Amber grins when I mention the "Saffy syndrome", so-called after the daughter in the television comedy Absolutely Fabulous who despairs of her pot-smoking, loose-living mother and reacts by being eminently sensible. But Amber does not disapprove of her parents - in fact she passionately agrees with their views on soft drugs - and she says she feels no anger for the disruptions of her early years. "All I think they could have done is be a bit more responsible about money," she says. "They could have set up a trust or something to make sure we would be provided for. But for myself, everything's turned out fine. There's a sense of a waste of the time I could have spent with my father but that's all."

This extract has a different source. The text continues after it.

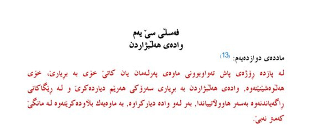 • سەرۆكی هەرێمی كوردستان بە بیانووی پاراستنی ئاساییشی ناوخۆی هەرێمی كوردستان سازانی لایەنەكان، وادەیەكی نوێ دیاری بكات بۆ هەڵبژاردنی خولی شەشەمی پەرلەمانی كوردستان.

She is making up for this lost time by helping Howard with his writing, travelling with him around the country to help publicise his autobiography, and clubbing with him and his bevy of old university friends, criminal cronies and idolising pro-cannabis fans.

But does she not feel it is now her turn - that having a father famed for sex, drugs and bucking the system is somehow cramping her style? Not at all. "It's only in the 1960s that people didn't look up to the older generation and rejected what they had done," she says. "Every other generation has respected old people. I think we need them."

One wonders what Howard, whose vanity prevents him wearing glasses at book readings, would think of being described as "old".